### Data for processing ###
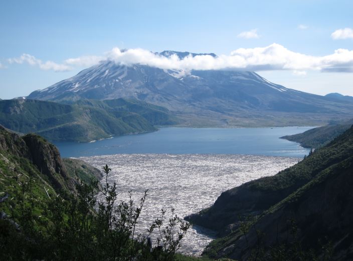 А это Spirit Lake. Оно вышло из берегов во время извержения и смыло обгоревшие деревья в воду. Вот так эти остовы и дрейфуют с одного берега на другой, в соответствии с направлением ветра. Сама St.Helen красуется за ним. По мне - так очень красиво....
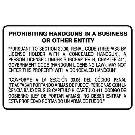 Bilingual Texas 30.06 Regulation Safety Signs: Prohibiting Handguns In A Business Or Other Entity Texas 30.06 Conceal Carry 30" x 48" Dura-Plastic 1/Each - MACC528XT - Jendco Safety Supply
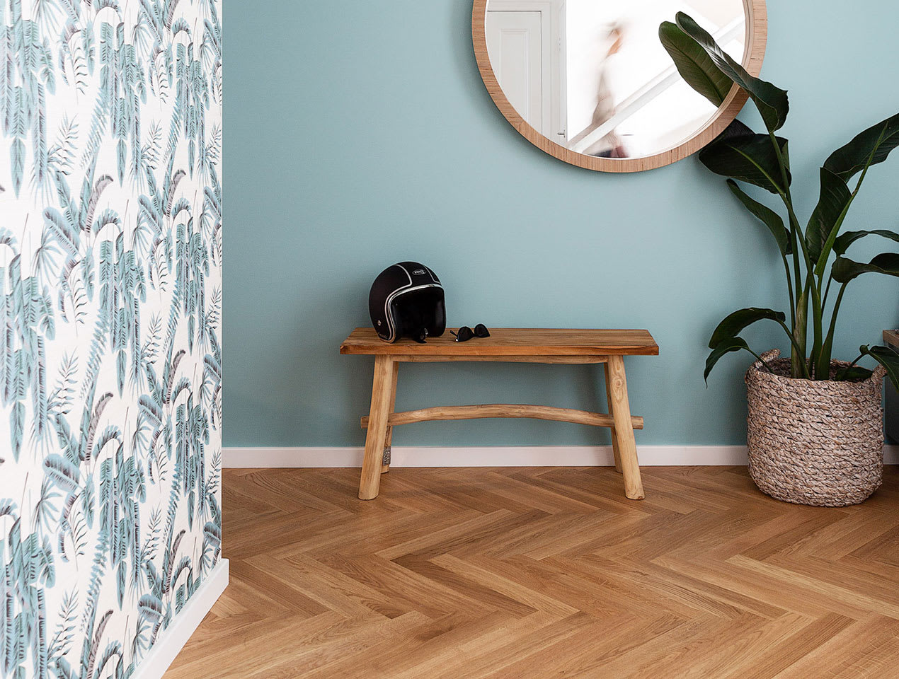 “Being in a apartment building, we were limited with the amount of windows down the side so you can tend to get darker areas. Pallido's colouring gives a beautiful, fresh, open feeling. When laid in the herringbone pattern, it delivers a sense of sophistication and a bit of a wow factor when you walk in."
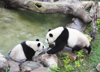 團團、圓圓昨天上午首次在戶外展示區亮相,興奮地在水池邊玩水,它們活潑好動的模樣,讓游客直呼“好可愛”。來源:臺灣《聯合報》
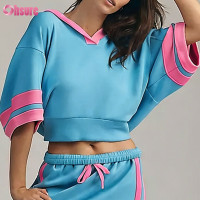 Looking for a premium OEM activewear manufacturer? Our Custom Women's Daily Practice V-Neck Half-Sleeve Hooded Sweatshirt features a unique color-block design and breathable fabric. We offer high-quality private label services, low MOQ, and professional garment manufacturing for global fitness brands. Get a quote today!
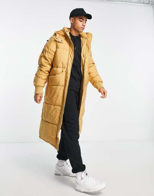 Chaqueta de plumas larga color mostaza t cnica de Urbancode ASOS Very well made.
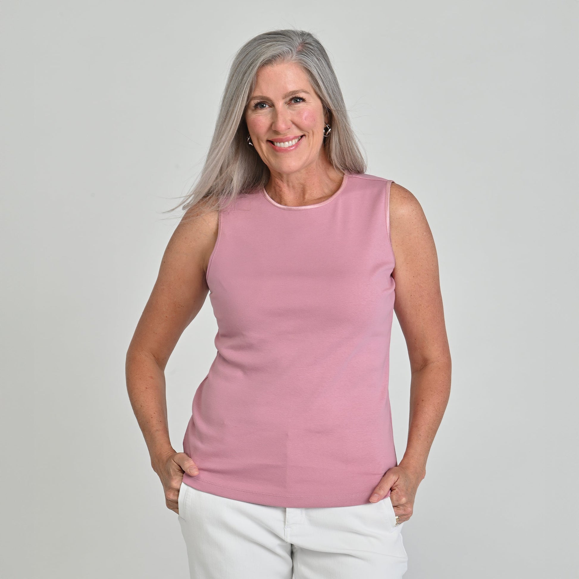 Make a statement of effortless elegance with our Sleeveless Crew Neck Satin Trim Perfect Tank, crafted from rib knit fabrication and designed for a sleek, flattering fit and finished with a luxe satin trim. Perfect for layering or wearing on its own, this versatile tank adds a touch of sophistication to any outfit, day or night.
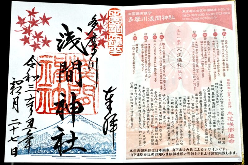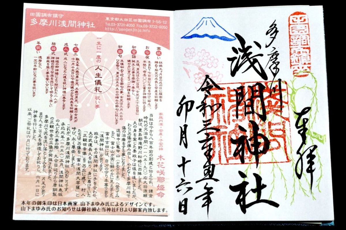 桜の語源となった女神を祭る「多摩川浅間神社」の富士山を描いた御朱印
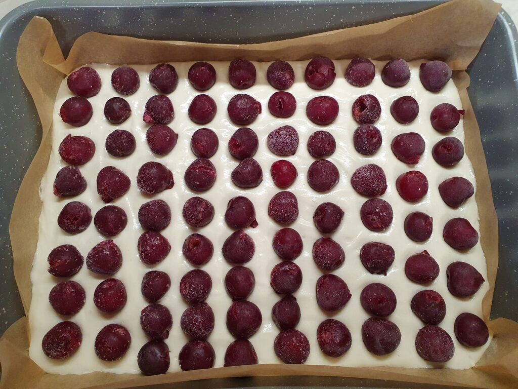După ce au fost adăugate toate ingredientele, compoziția se toarnă într-o tavă tapetată cu hârtie de copt. Într-o tavă de 26×34 cm, stratul va avea aproximativ 1 cm grosime. Deasupra puneți fructe din belșug.
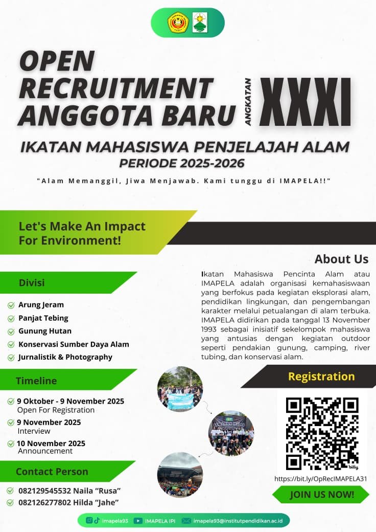 Dengan salam kebanggaan “Salam Lestari!”, IMAPELA IPI Garut mengundang seluruh mahasiswa untuk bergabung, menjawab panggilan alam, serta berkontribusi nyata bagi kelestarian lingkungan.
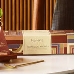 The Frank Lloyd Wright Petite Presentation Box contains 10 pyramid infusers, two of each new blend: Ceylon Gold (Black tea), Citrus Earl Grey (Black tea), Oolong Créme (Oolong tea), Honey Hojicha (Green tea) and Spiced Herbal Maté (Herbal tea). The open lid reveals a detailed tasting menu. See below for blend descriptions. Box measures 8.5L X 4.2D X 2.0H”.
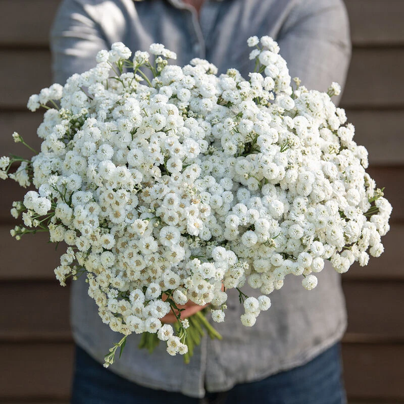 Small clusters of ½” double-white flowers on sturdy, durable stems. Highly productive plants produce multiple cuts, especially in the second year of production, as plants are taller and more vigorous in the second year. Appearance is reminiscent of baby’s breath and feverfew. Typically blooming later in the summer, The Pearl can be used as a mid- and late-season substitute for feverfew. Plants will produce two flushes of stems and blooms if cut back within a few inches of the ground, after the first round of flowers. Excellent cut flower and reliable perennial garden plant. Tolerates heat and low-water growing environments once established. Perennial in Zones 3–9.
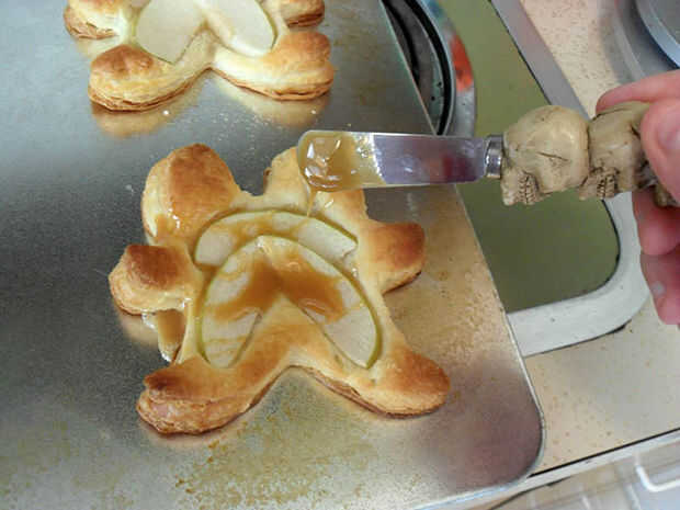 Sacar a tus gemelos del horno cuando los bordes estén dorados. Te darás cuenta que la masa ha soplado para arriba y algunas áreas pueden elevarse por encima de tus rebanadas de manzana. Que es de esperarse y no pueden interferir con la legibilidad de su forma.
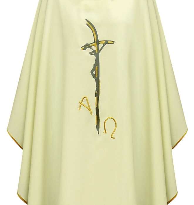 Casula sacerdotal leve, confeccionada em tecido leve, bordada com motivo de cruz e as letras AΩ. Com acabamento em cetim dourado, é a vestimenta litúrgica perfeita.
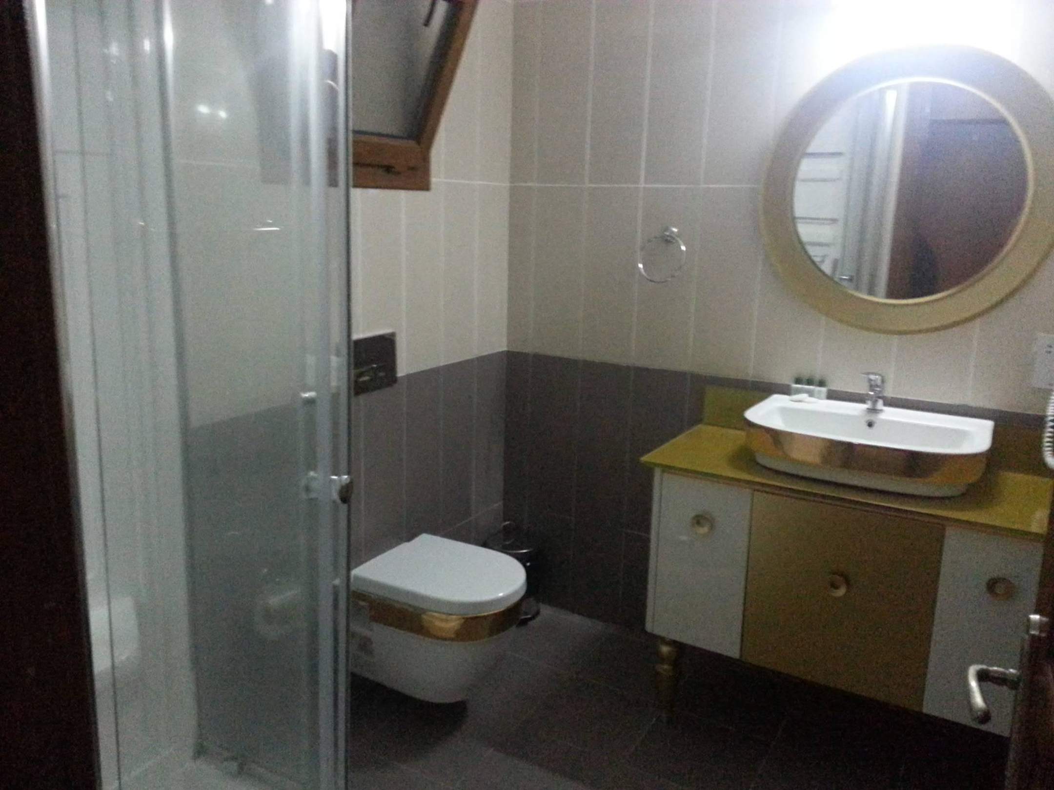 Badezimmer mit Radio in der Dusche
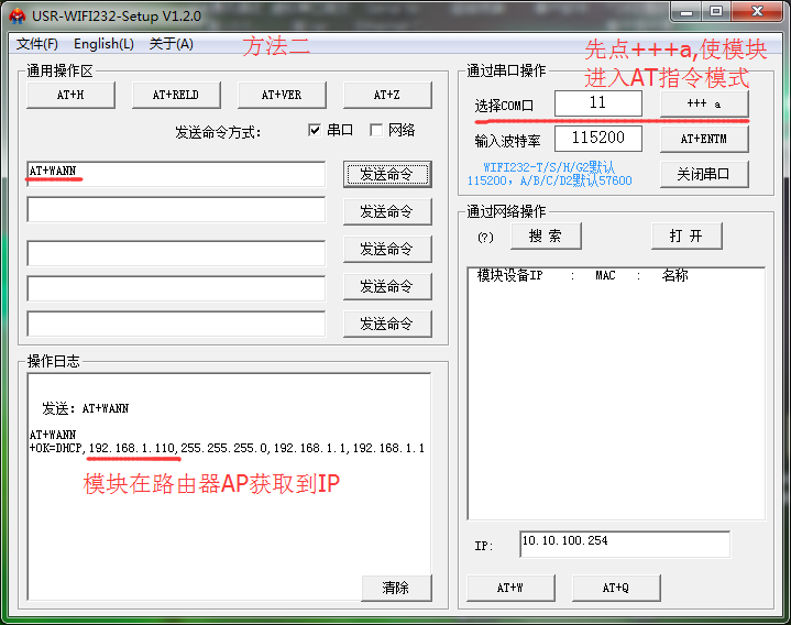 b)串口AT指令查詢,先點+++a使模塊進(jìn)入AT指令模式下,發(fā)送指令A(yù)T+WANN查詢。點擊+++a會返回+ok,如果沒有返回+ok請檢查波特率是否匹配,COM口號是否正確。使用前需要將模塊串口通過串口線連接到電腦上才能使用該方式。軟件點擊此處下載。
###
### Work instruction
Repeat each record as given. No picture belongs in the copy.

### Response to the task
 А это Spirit Lake. Оно вышло из берегов во время извержения и смыло обгоревшие деревья в воду. Вот так эти остовы и дрейфуют с одного берега на другой, в соответствии с направлением ветра. Сама St.Helen красуется за ним. По мне - так очень красиво....
 Bilingual Texas 30.06 Regulation Safety Signs: Prohibiting Handguns In A Business Or Other Entity Texas 30.06 Conceal Carry 30" x 48" Dura-Plastic 1/Each - MACC528XT - Jendco Safety Supply
 “Being in a apartment building, we were limited with the amount of windows down the side so you can tend to get darker areas. Pallido's colouring gives a beautiful, fresh, open feeling. When laid in the herringbone pattern, it delivers a sense of sophistication and a bit of a wow factor when you walk in."
 團團、圓圓昨天上午首次在戶外展示區亮相,興奮地在水池邊玩水,它們活潑好動的模樣,讓游客直呼“好可愛”。來源:臺灣《聯合報》
 Looking for a premium OEM activewear manufacturer? Our Custom Women's Daily Practice V-Neck Half-Sleeve Hooded Sweatshirt features a unique color-block design and breathable fabric. We offer high-quality private label services, low MOQ, and professional garment manufacturing for global fitness brands. Get a quote today!
 Chaqueta de plumas larga color mostaza t cnica de Urbancode ASOS Very well made.
 Make a statement of effortless elegance with our Sleeveless Crew Neck Satin Trim Perfect Tank, crafted from rib knit fabrication and designed for a sleek, flattering fit and finished with a luxe satin trim. Perfect for layering or wearing on its own, this versatile tank adds a touch of sophistication to any outfit, day or night.
 桜の語源となった女神を祭る「多摩川浅間神社」の富士山を描いた御朱印
După ce au fost adăugate toate ingredientele, compoziția se toarnă într-o tavă tapetată cu hârtie de copt. Într-o tavă de 26×34 cm, stratul va avea aproximativ 1 cm grosime. Deasupra puneți fructe din belșug.
 Dengan salam kebanggaan “Salam Lestari!”, IMAPELA IPI Garut mengundang seluruh mahasiswa untuk bergabung, menjawab panggilan alam, serta berkontribusi nyata bagi kelestarian lingkungan.
 The Frank Lloyd Wright Petite Presentation Box contains 10 pyramid infusers, two of each new blend: Ceylon Gold (Black tea), Citrus Earl Grey (Black tea), Oolong Créme (Oolong tea), Honey Hojicha (Green tea) and Spiced Herbal Maté (Herbal tea). The open lid reveals a detailed tasting menu. See below for blend descriptions. Box measures 8.5L X 4.2D X 2.0H”.
 Small clusters of ½” double-white flowers on sturdy, durable stems. Highly productive plants produce multiple cuts, especially in the second year of production, as plants are taller and more vigorous in the second year. Appearance is reminiscent of baby’s breath and feverfew. Typically blooming later in the summer, The Pearl can be used as a mid- and late-season substitute for feverfew. Plants will produce two flushes of stems and blooms if cut back within a few inches of the ground, after the first round of flowers. Excellent cut flower and reliable perennial garden plant. Tolerates heat and low-water growing environments once established. Perennial in Zones 3–9.
 Sacar a tus gemelos del horno cuando los bordes estén dorados. Te darás cuenta que la masa ha soplado para arriba y algunas áreas pueden elevarse por encima de tus rebanadas de manzana. Que es de esperarse y no pueden interferir con la legibilidad de su forma.
 Casula sacerdotal leve, confeccionada em tecido leve, bordada com motivo de cruz e as letras AΩ. Com acabamento em cetim dourado, é a vestimenta litúrgica perfeita.
 Badezimmer mit Radio in der Dusche
 b)串口AT指令查詢,先點+++a使模塊進(jìn)入AT指令模式下,發(fā)送指令A(yù)T+WANN查詢。點擊+++a會返回+ok,如果沒有返回+ok請檢查波特率是否匹配,COM口號是否正確。使用前需要將模塊串口通過串口線連接到電腦上才能使用該方式。軟件點擊此處下載。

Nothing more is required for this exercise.